All Prior Art uses math to generate potential patents under creative commons license

A man is rallying against patent trolls and the patent system itself by building a website that can mathematically generate new work.

The All Prior Art site, created by Alexander Reben, creates new work or prior art (evidence that an invention is already known) - making new patents harder to submit. Instead his site's randomly generated works are submitted for public use with a creative commons license.

He is looking to raise awareness of what he dubs the “antiquated patent system, and to preempt patent trolls” by scanning the entire published US manifesto of patents to algortihmically generate new work based on the strucutre, terminology and language of previous patents.

The project, spotted by Gizmodo is creating and publicly publishing "all possible new prior art, thereby making the published concepts non patent-able”.

The ambitious scheme often publishes nonsensical jargon in the hope of slinging together a functional design.

It's not a million miles from the infinite monkey theorem, that if you give enough monkeys enough keyboards, they’ll eventually give you Shakespeare.

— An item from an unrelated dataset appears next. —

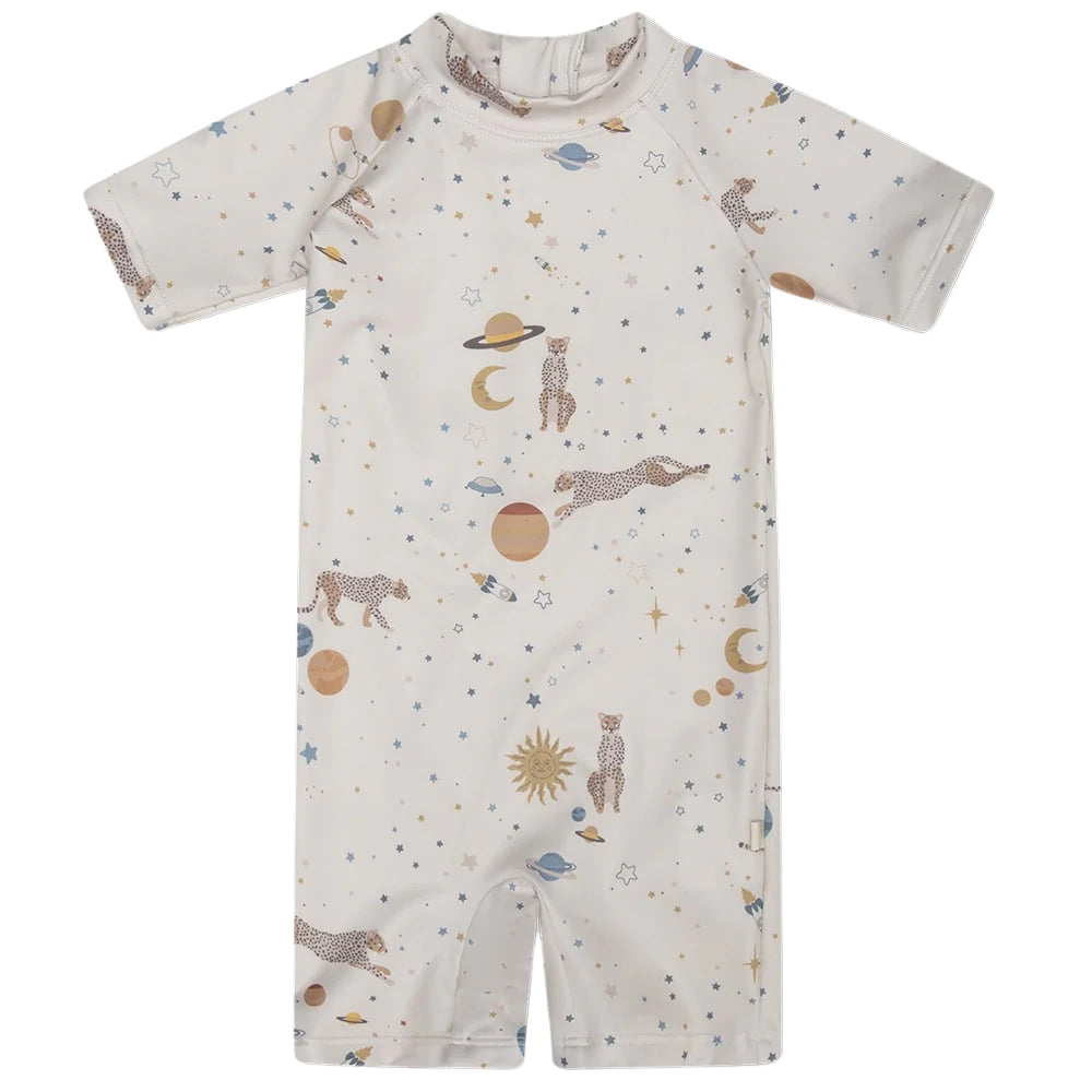 That's Mine-badbyxan har korta ärmar och korta ben och erbjuder solskydd UV 40+, perfekt för sommardagar.

Reben added: “While most inventions generated will be nonsensical, the cost to computationally create and publish millions of ideas is nearly zero – which allows for a higher probability of possible valid prior art.”

He admitted that the deep learning could be used to create future patents based upon previously submitted entries to the US Patent Office.

To date, 1,660,000 designs have been published by the page and can be fully downloaded.